Sonrío ante mis pensamientos, pero esa sonrisa se desvanece
cuando veo al imbécil del estacionamiento entrar al salón siendo
recibido por el profesor.
Ahí no.
¿Es Gabriel Simón?
JULIA
Toda la emoción que sentía por escribir este ensayo
se esfumó en un abrir y cerrar de ojos cuando vi que el director ejecutivo de
Simon's Enterprises no es otro que el imbécil que me salvó de ser
atropellado hoy.
El idiota e ignorante Mister comienza a pronunciar su perfecto discurso
sobre la empresa y su familia, hago todo lo posible por no mirarlo
.
Trato de prestar atención a otra cosa, pero mis ojos no
obedecen y miro a Gabriel, sorprendida de apartar la mirada
cuando me doy cuenta de que el par de ojos azul pálido están fjos en mí.

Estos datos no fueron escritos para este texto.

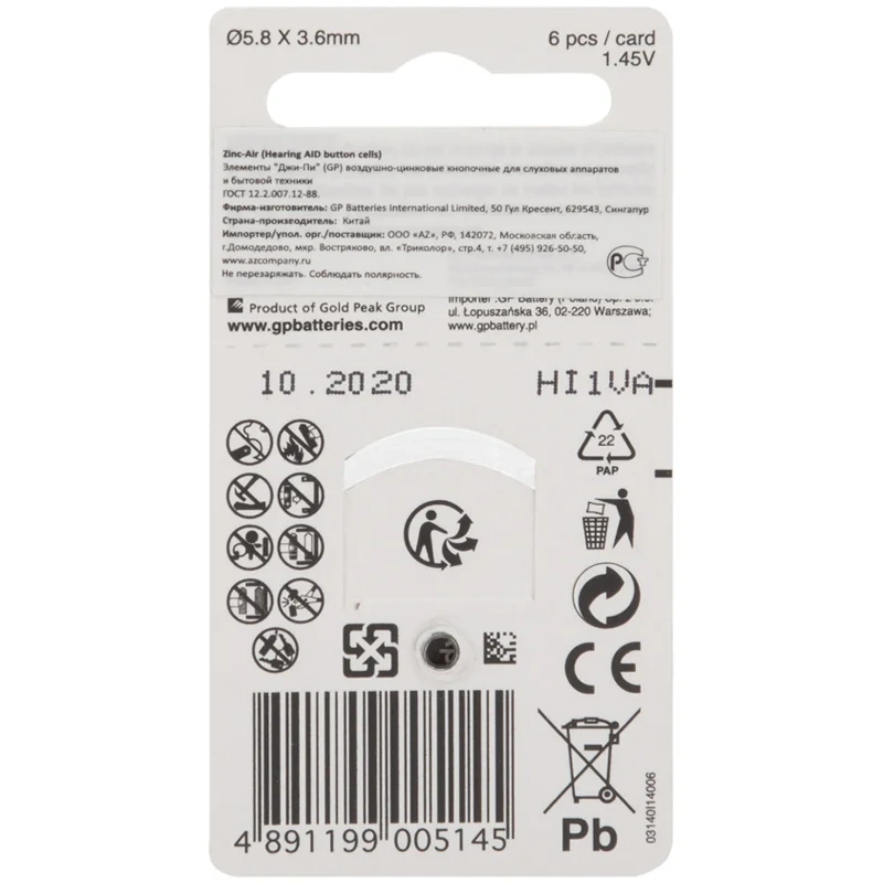 Батарейка Gp ZA10F, воздушно-цинковая, 6шт/уп

Me siento extraño con tu presencia, no puedo explicar por qué,
tu mirada hacia mí no ayuda, respiro profundo para tratar de
controlar mi nerviosismo, pero no puedo.
¡Pero que mal!
Meto mis cuadernos en mi bolso y salgo de esta sala que
me asfxia, lo bueno de estar en una Universidad es que puedes salir
de un salón cuando quieras sin dar ninguna
explicación.
Me pierdo en los pasillos, resoplo con irritación y trato de volver por
donde vine, pero pronto golpeo una pared
de músculos y la única razón por la que no caigo al suelo es porque estoy atrapado en el tiempo.
Miro a la persona y resoplo cuando veo a Gabriel, me libero de
su agarre y paso junto a él sin decir nada.

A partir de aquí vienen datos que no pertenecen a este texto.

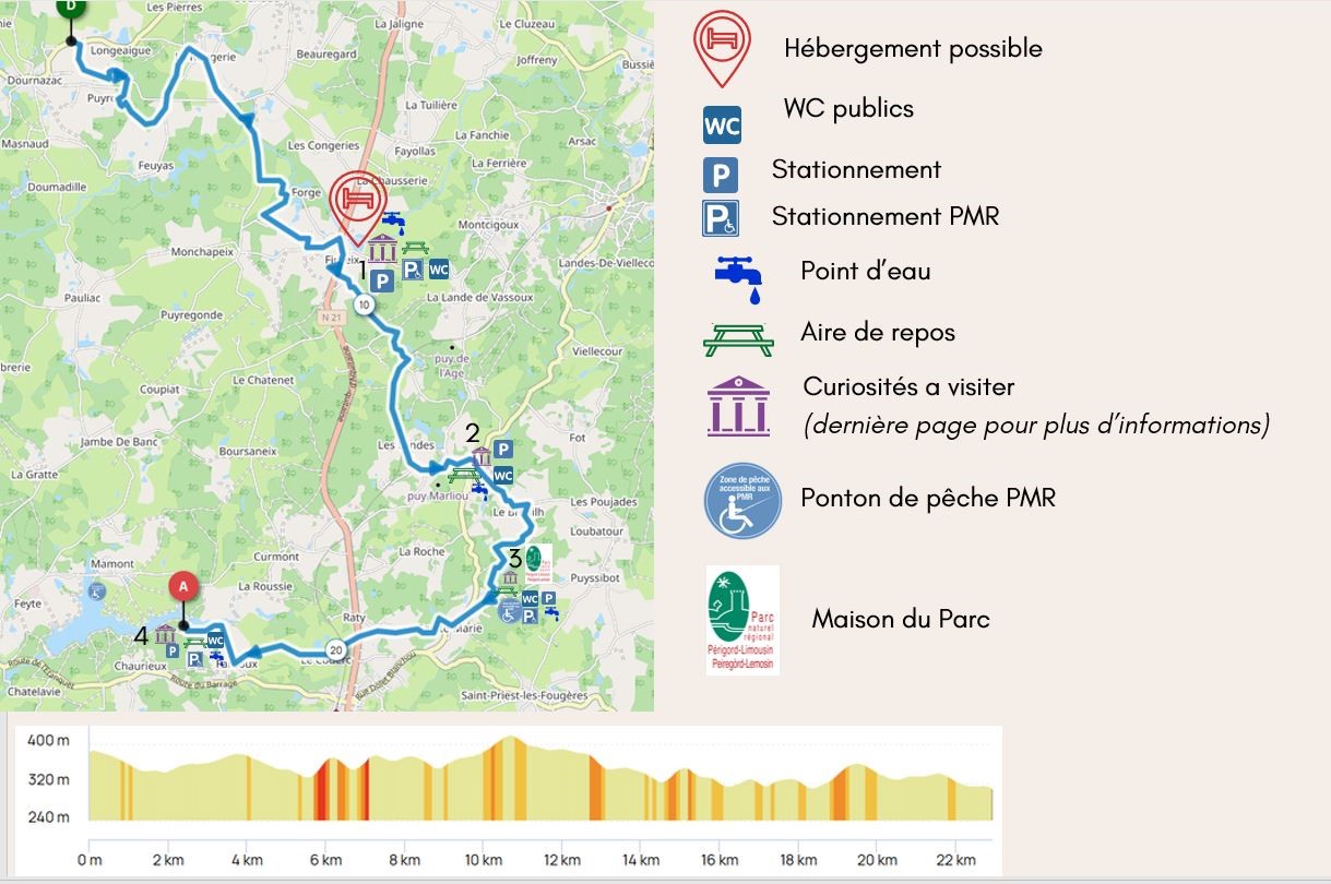 Jour 3 : Après cette pause, vous reprendrez la route en direction du Lac de Miallet ! Il vous reste 13 km, 185m dénivelé positif, 233 m dénivelé négatif ! En chemin vous croiserez le château de Frugie, la Maison du Parc avec son étang et vous finirez au lac de Miallet. Sur place, avant de reprendre le TER, vous avez la possibilité de vous loger : Hôtel-Restaurant Les Voyageurs (1 chambre PMR).

"¿Siempre eres así de torpe?" Dejo de caminar y me doy la
vuelta molesto.
-¡Eso no le interesa, señor Simon!
Se acerca y contengo la respiración, sin saber la verdadera
razón de ello.
- Siempre discutidor. Estas palabras me hacen sentir extraño y
me doy la vuelta con ganas de salir de aquí.
- ¿Por qué dejó la clase, señorita? Me doy la vuelta y no contesto.
- ¡Respóndeme!
¡Pero qué hombre más gordo!
Nunca fui alguien que perdiera los estribos fácilmente, pero lo hago con él
fácilmente.
- No eres mi padre, ni mi maestro, así que no te
interesa, pero seré educado, ¡no soportaría verte hablar más!
- sonrío burlonamente.
"Si yo fuera tu padre, te merecerías una buena
paliza".
Mi boca se abre cuando escucho estas palabras, me acerco y
bromeo:
- ¡Lo siento, pero no me gusta el sadomasoquismo!
¡Dios, me asusta!
Me mira raro y luego salgo de allí dejándolo de pie
observándome desaparecer por los pasillos.
Regreso a mi cuarto y la maestra me dice que el examen y el
ensayo serán en dos días, perdí las ganas totales de hacerlo, pero
si logro aprobar puedo ayudar a mis padres en casa, ellos
lo necesitan y Haré cualquier cosa por ellos.
Salgo de la habitación y encuentro a Sam esperándome, vamos juntos al
estacionamiento.
- ¿Cómo fue tu primer día Julia? – me pregunta y luego
le respondo:
– ¡Estuvo bien! "No te cuento el resto de la historia.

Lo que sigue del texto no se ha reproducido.